Quando o conversamos na semana passada, ele finalmente teve boas notícias. Sua mãe, seu pai e três irmãos conseguiram chegar ao Paquistão, depois de pagar mil dólares cada um para serem contrabandeados. Ele está trabalhando com um grupo sem fins lucrativos que ajuda os afegãos a chegar aos EUA. Mas há milhares de afegãos no Paquistão ou em campos de refugiados noutros países, todos esperando o mesmo destino. Pode levar muitos meses, talvez anos.

Ele planeja frequentar o Northern Virginia Community College para se concentrar em computadores e segurança cibernética. Os residentes da Goodwin House agora o consideram parte da família. E ele tem trabalhado no ministério da Igreja de Cristo, ajudando dezenas de famílias afegãs na região.

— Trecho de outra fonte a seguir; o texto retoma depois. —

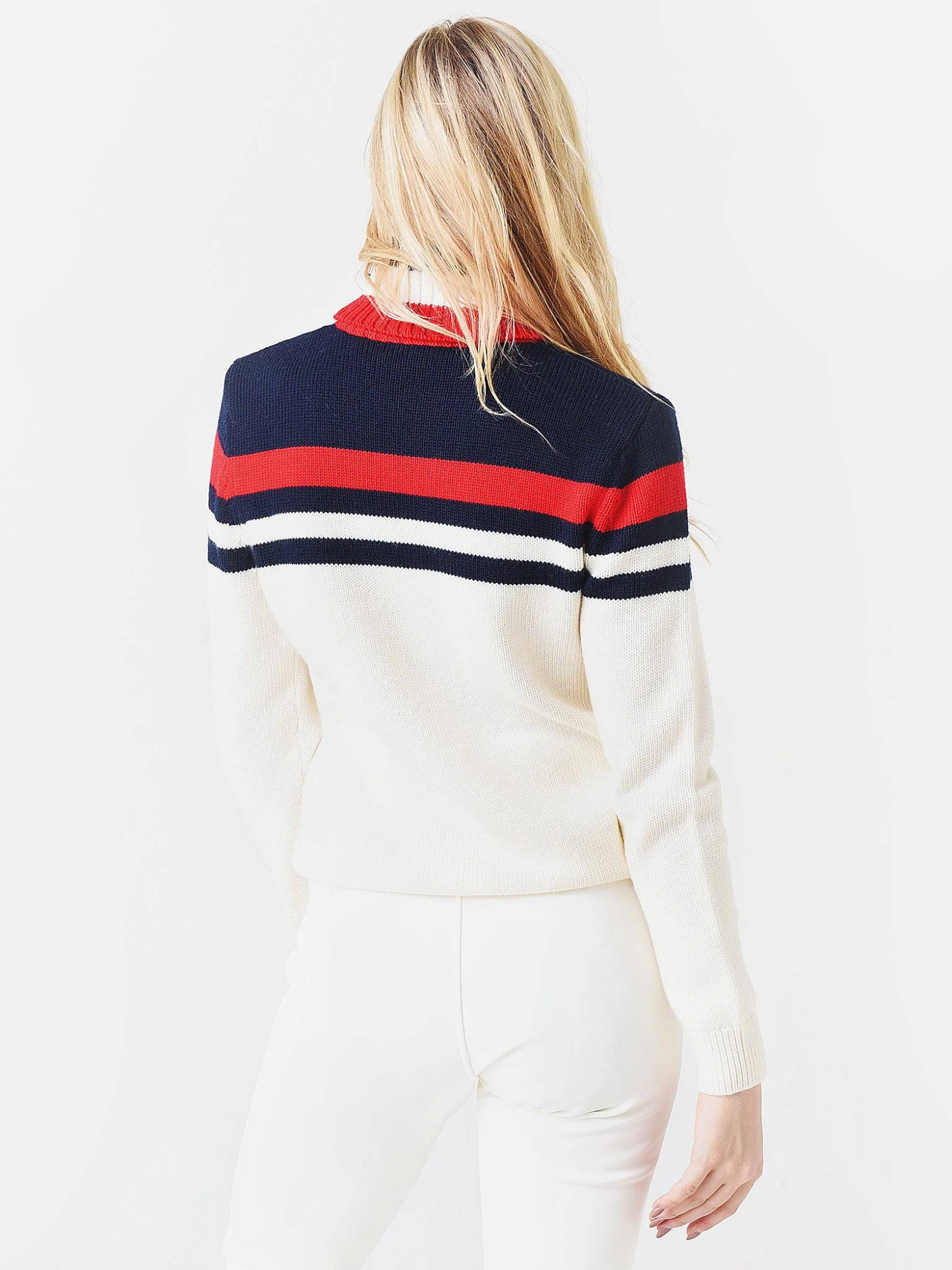 FEATURES:SweaterTurtleneckNovelty Zigzag Intarsia DesignLong SleeveSignature Perfect Moment North Star on CuffRibbed Knit TrimExtra-Fine Bellia Yarn Merino WoolRelaxed FitStraight Hem100% Merino WoolModel is wearing size Small sweater.Model’s Measurements: Height: 5’9″ | Bust: 34B | Waist: 26″ | Hips: 37″ | Dress Size: 2-4 (US)
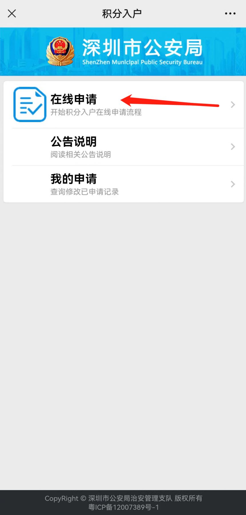 申请人可登录“深圳市公安局”网站(http://ga.sz.gov.cn/),进入“个人业务”,选择“市外迁入-积分入户”进行网上申请;

BH diz que eles precisam de móveis, alimentação e, às vezes, auxílio para aluguel.

“Mas neste momento não temos orçamento suficiente para patrocinar uma nova família no ministério”, diz ele. “Se não puder ajudar com o aluguel mensal, tentarei encontrar uma alternativa. Em vez disso, oferecerei outra coisa. Nunca direi não, porque isso irá decepcioná-los, perturbá-los.”

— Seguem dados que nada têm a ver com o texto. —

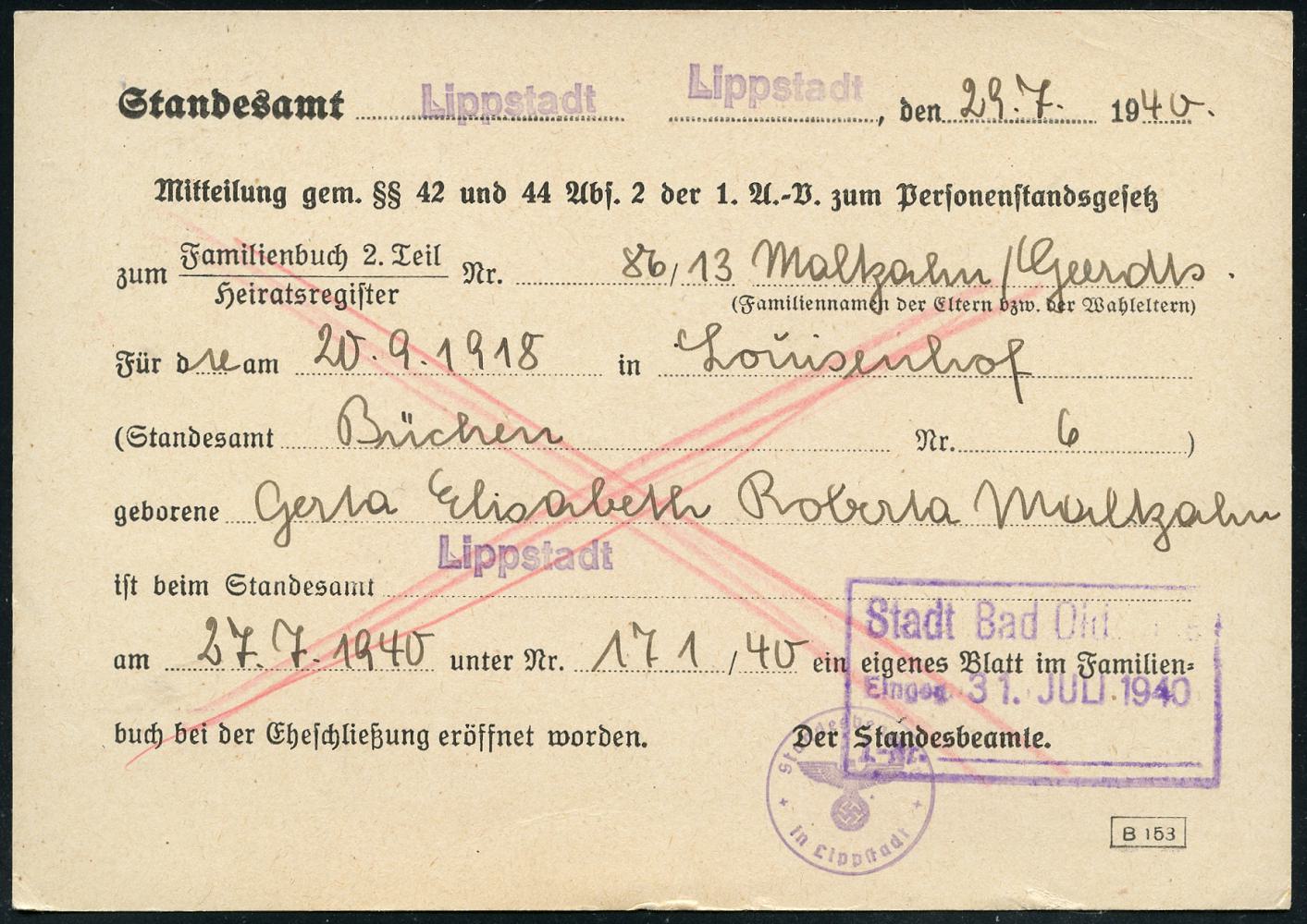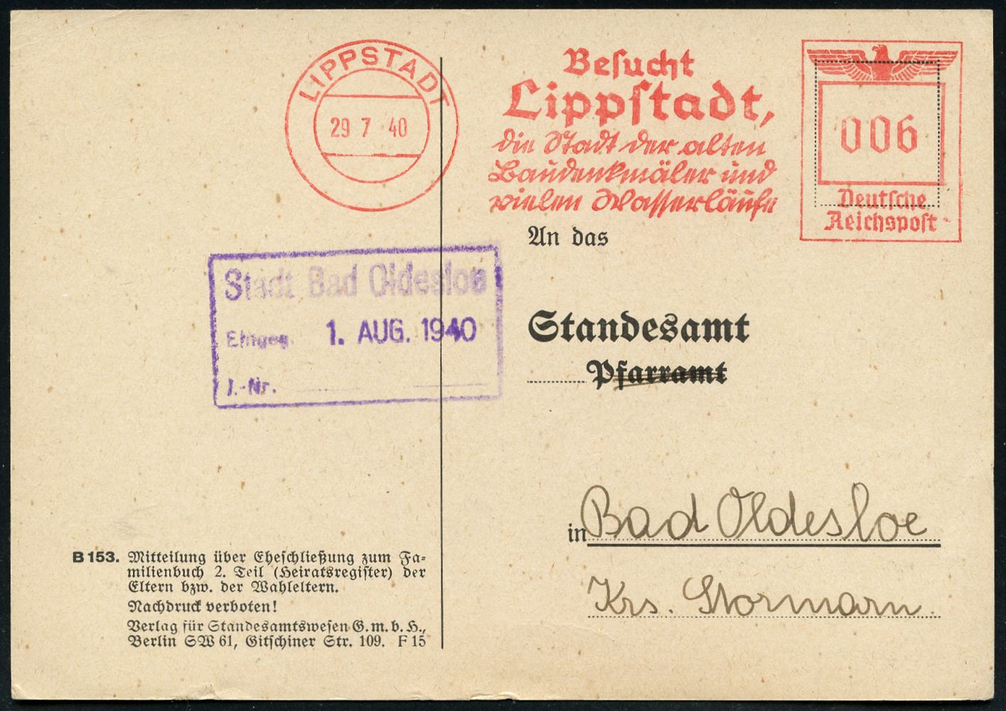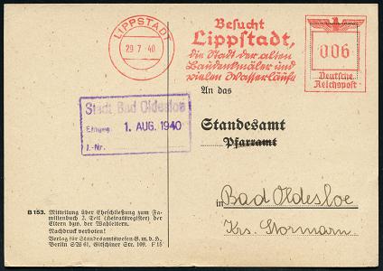 8323 | 18 € | PL-Raum 47.. (ohne Hamm) : LIPPSTADT/ Besucht/ Lippstadt,/ die Stadt der alten/ Baudenkmäler u./ vielen Wasserläufe 1940 (29.7.) AFS Francotyp "Reichsadler", Text teils Sütterlin , klar gest. Kommunal-Kt. "Standesamt" n. Bad Oldesloe, rs. Eingangs-Stpl. (Dü.E-5CGo) | ![]() ![]() | |

Durante a nossa primeira visita a BH, ele contou-nos como vivia numa casa movimentada com a sua família no Afeganistão. Ele parecia tão solitário. Agora ele está acostumado a morar sozinho, meio que gosta disso. Ele parece mais confiante, faz exercícios na academia e vai a restaurantes com os amigos afegãos.

Quando vimos seu pequeno apartamento, ele era escasso, mal mobiliado, o que foi realmente de partir o coração. Ele nos mostrou fotos do apartamento agora. Há uma cama, alguns móveis, um buquê de rosas arrumado na mesa de cabeceira. Ele compartilha essas fotos com sua família do outro lado do mundo.

“Tenho tudo que preciso”, diz ele, “e não sonho apenas com coisas”.